Purpose: This is a short post in which we will see how to look-up a symbol name (function or a variable) from the address that it outputted in the kernel dmesg logs and vice versa.
Note: Please note that this is not a HOWTO on how to debug Linux Kernel when it does a OOPS or Kernel Panic. May be I will cover those topics at some later date.
Let’s say you upgrade your kernel and you notice the following anomaly in your dmesg logs even though your system appears to boot fine at least to the naked eye:
[ 24.155180] irq 17: nobody cared (try booting with the "irqpoll" option)
[ 24.155284] Pid: 0, comm: swapper Not tainted 2.6.32-bpo.5-686 #1
[ 24.155373] Call Trace:
[ 24.155463] [<c106cf75>] ? __report_bad_irq+0x24/0x69
[ 24.155554] [<c106cf7c>] ? __report_bad_irq+0x2b/0x69
[ 24.155644] [<c106d0a1>] ? note_interrupt+0xe7/0x13e
[ 24.155734] [<c106d5cf>] ? handle_fasteoi_irq+0x7a/0x97
[ 24.155827] [<c1004dd7>] ? handle_irq+0x17/0x1b
[ 24.155915] [<c1004659>] ? do_IRQ+0x38/0x89
[ 24.156002] [<c10037f0>] ? common_interrupt+0x30/0x38
[ 24.156096] [<c10400d8>] ? ftrace_raw_output_workqueue_insertion+0x80/0x8c
[ 24.156192] [<c104f06e>] ? tick_nohz_stop_sched_tick+0x34a/0x36e
[ 24.156285] [<c1002367>] ? cpu_idle+0x67/0xa4
[ 24.156375] [<c13bf7fc>] ? start_kernel+0x318/0x31d
[ 24.156461] handlers:
[ 24.156539] [<f7cc3855>] (usb_hcd_irq+0x0/0x71 [usbcore])
[ 24.156755] Disabling IRQ #17
Now let’s say you want to understand what does the above highly technical output means. Let’s pickup a line from the above out say the one in the red color and we assume that this line might give us useful information regarding the above anomaly, although that might not be the case because in an actual oops, it is generally the first or the last line in the backtrace that provided the most useful debugging information. Let’s understand one-by-one what each of those columns in the following line means:
[24.155827] [<c1004dd7>] ? handle_irq+0x17/0x1b
[24.155827] is the timestamps information printed by the Linux Kernel. This simply means that this line was output approximately 24 seconds later after the Linux Kernel started booting.
[<c1004dd7>] is the address (let’s just say for now) of the function, handle_irq, in the System Map table.
handle_irq is name of the “offending” function in the Linux Kernel code.
0x17 is the offset (and not the Line Number) which basically points out to the piece of the code in the function that was involved in the above action.

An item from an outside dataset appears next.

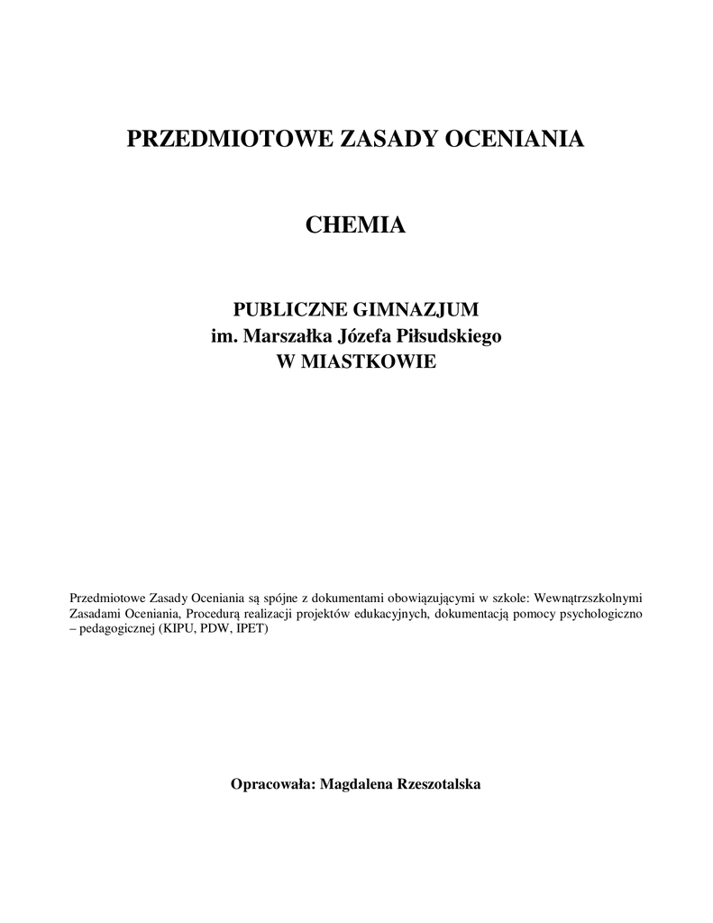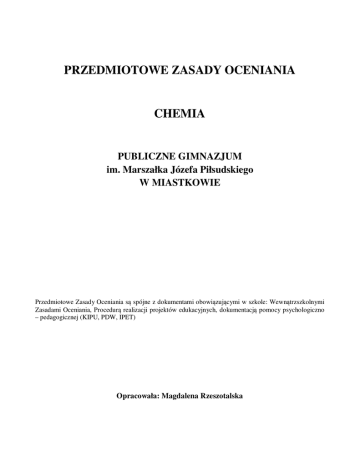 PRZEDMIOTOWE ZASADY OCENIANIA CHEMIA PUBLICZNE GIMNAZJUM im. Marszałka Józefa Piłsudskiego W MIASTKOWIE Przedmiotowe Zasady Oceniania są spójne z dokumentami obowiązującymi w szkole: Wewnątrzszkolnymi Zasadami Oceniania, Procedurą realizacji projektów edukacyjnych, dokumentacją pomocy psychologiczno – pedagogicznej (KIPU, PDW, IPET) Opracowała: Magdalena Rzeszotalska Przedmiotowe Zasady Oceniania 1. Podstawa prawna. 2. Ogólne zasady oceniania. 3. Obszary aktywności ucznia. 4. Formy sprawdzania wiedzy i umiejętności oraz częstotliwość oceniania. 5. Wymagania przedmiotowe. 6. Kryteria oceniania. 7. Sposoby i formy przekazywania informacji zwrotnej: nauczyciel – uczeń, nauczyciel – rodzic. 8. Postanowienia końcowe. Ad. 1 Podstawa prawna Rozporządzenie Ministra Edukacji Narodowej z dnia 30 kwietnia 2007 r. w sprawie warunków i sposobu oceniania, klasyfikowania i promowania uczniów i słuchaczy oraz przeprowadzania sprawdzianów i egzaminów w szkołach publicznych (Dz. U. z dnia 11 maja 2007 r. z późniejszymi zmianami). Rozporządzenie Ministra Edukacji Narodowej z dnia 27.08.2012r. w sprawie podstawy programowej wychowania przedszkolnego oraz kształcenia ogólnego w poszczególnych typach szkół Rozporządzenie Ministra Edukacji Narodowej z dnia 7 października 2009r. w sprawie nadzoru pedagogicznego (Dz. U. z dnia 9 października 2009r.) Ad. 2 Ogólne zasady oceniania • Ocenie podlegają wszystkie wymienione obszary aktywności ucznia. • Każdy uczeń powinien otrzymać w semestrze minimum trzy oceny przy jednej godzinie chemii w tygodniu i pięć ocen przy dwóch godzinach. • Prace klasowe, kartkówki i odpowiedzi są obowiązkowe. • Uczeń ma obowiązek prowadzenia zeszytu przedmiotowego, w którym powinny znajdować się zapisy tematów, notatki, zapisy poleceń prac domowych. Zeszyt powinien być prowadzony systematycznie. W przypadku nieobecności w szkole uczeń ma obowiązek uzupełnić zeszyt. • Uczeń ma prawo raz (klasa pierwsza i druga), dwa razy (klasa trzecia) w semestrze nie przygotować się do zajęć. W takim przypadku zgłasza to nauczycielowi przed rozpoczęciem lekcji. Punkt ten nie dotyczy zapowiedzianych prac kontrolnych i powtórzeń. • Za każde kolejne nieprzygotowanie uczeń otrzymuje ocenę niedostateczną. • Za nieprzygotowanie się do lekcji uznawana jest: niegotowość do odpowiedzi, brak pomocy potrzebnych do lekcji np. zeszyt, podręcznik, przybory kreślarskie i inne wskazane przez nauczyciela. • Na podstawie pisemnej opinii Poradni Psychologiczno-Pedagogicznej lub innej poradni specjalistycznej nauczyciel dostosowuje wymagania edukacyjne dla ucznia, którego opinia ta dotyczy. Ad. 3 Obszary aktywności ucznia na lekcjach chemii • Znajomość: faktów: • występowania pierwiastków i związków chemicznych • składu jakościowego i ilościowego związku chemicznego • właściwości fizycznych i chemicznych substancji • substratów reakcji i surowców przemysłowych • otrzymywania pierwiastków i związków chemicznych • reakcji chemicznych i warunków ich przebiegu 2. pojęć chemicznych , twierdzeń ogólnych i praw, terminologii chemicznej , symboli i wzorów chemicznych, systemów klasyfikacyjnych • Rozumienie: reguł, praw i uogólnień , wyjaśnienie definicji i pojęć , wyjaśnienie reakcji chemicznych, klasyfikacji 1. • Umiejętność: 1. operowania symboliką chemiczną i terminologią 2. odczytywania symboli pierwiastków i wzorów związków chemicznych 3. określania wartościowości pierwiastka w cząsteczce związku chemicznego 4. ustalania wzorów związków chemicznych 5. zapisywania i odczytywania równań reakcji chemicznych 6. prowadzenia obserwacji doświadczeń, planowania doświadczeń, dostrzegania symptomów reakcji chemicznych 7. posługiwania się modelami 8. konstruowania i odczytywania tabel i wykresów 9. wykonywania prostych obliczeń chemicznych 10. abstrahowania i uogólniania 11. konkretyzowania, tj. odczytywania twierdzenia ogólnego, prawa i teorii w konkretach 12. wykrywania związków przyczynowo – skutkowych 13. znajdowania prawidłowości i ustalania cech charakterystycznych 14. wnioskowania na drodze dedukcji i przez analogię 15. przewidywania zjawisk lub reakcji na podstawie budowy substancji 16. formułowania hipotezy 17. dowodzenia i uzasadniania hipotez 18. projektowania nowych doświadczeń 19. tłumaczenia nowych i nietypowych zjawisk 20. wykonywania złożonych obliczeń chemicznych • Prace domowe, prace samodzielne ucznia, w tym prace badawcze • Praca na lekcjach • Praca w grupach • Udział w konkursach • Wykonywanie pomocy dydaktycznych • Doświadczenie uczniowskie indywidualne lub grupowe • Projekt edukacyjny o tematyce przedmiotowej Ad. 4 Formy sprawdzania wiedzy i umiejętności oraz częstotliwość oceniania. • prace pisemne: - prace klasowe (1 godz. lekcyjna) 1-2 razy w semestrze; - kartkówka (10-15 min.) 2-3 razy w semestrze; • prace domowe obowiązkowe i dodatkowe (minimum raz w semestrze); • odpowiedzi ustne - co najmniej jedna w semestrze; • obserwacja ucznia: przygotowanie do lekcji, aktywność na lekcji, praca w grupie; • prace długoterminowe (w uzgodnieniu z uczniem); • zeszyt przedmiotowy lub zeszyt ćwiczeń; • karty pracy (dla uczniów z dostosowanie wymagań edukacyjnych i z orzeczeniem o niepełnosprawności) Ad. 5 Wymagania edukacyjne ( załączniku) Ad. 6 Kryteria oceniani Zasady przeprowadzania prac klasowych i kartkówek: • Praca klasowa jest zapowiedziana tydzień wcześniej i omówiony jest jej zakres. • Prace klasowe są obowiązkowe. • Jeżeli uczeń opuścił klasówkę z przyczyn losowych, powinien ją napisać w terminie nie przekraczającym dwóch tygodni od powrotu do szkoły po uzgodnieniu terminu z nauczycielem. • Poprawa prac klasowych jest dobrowolna i musi odbywać się poza lekcjami chemii, również w ciągu dwóch tygodni od rozdania prac. Uczeń pisze ją tylko

0x1b is size of the function, handle_irq. The offset (0x17) should always be less than the size of the function (0x1b).
Now let’s see how this information related to the System Map table file that is generated when you install your Linux Kernel.
Give the following command:
# cat /boot/System.map-2.6.32-bpo.5-686 | grep handle_irq
You will need to substitute the name of your Kernel System Map table file accordingly.
c1004dc0 T handle_irq
c100cffc t intel_pmu_handle_irq
c100d2a4 t p6_pmu_handle_irq
c100d3bd t amd_pmu_handle_irq
We are interested in the first line since that is what we think our offending function is. However, the address c1004dc0 does not matches with the address (c1004dd7) that we found in the output above. So how do we reconcile these numbers?
Let’s try to subtract the hex number c1004dc0 from c1004dd7 i.e.
c1004dd7 - c1004dc0 = 17
Bingo! The number 17 matches with the output, 0x17, that we got in the anomaly. So to summarize:
c1004dc0 is the starting address of the function handle_irq.
c1004dd7 is the address (after adding 17 to the above starting address) of the piece of the code in the function.
Similarly, you can do these exercise for other functions like cpu_idle and start_kernel from the above dmesg output.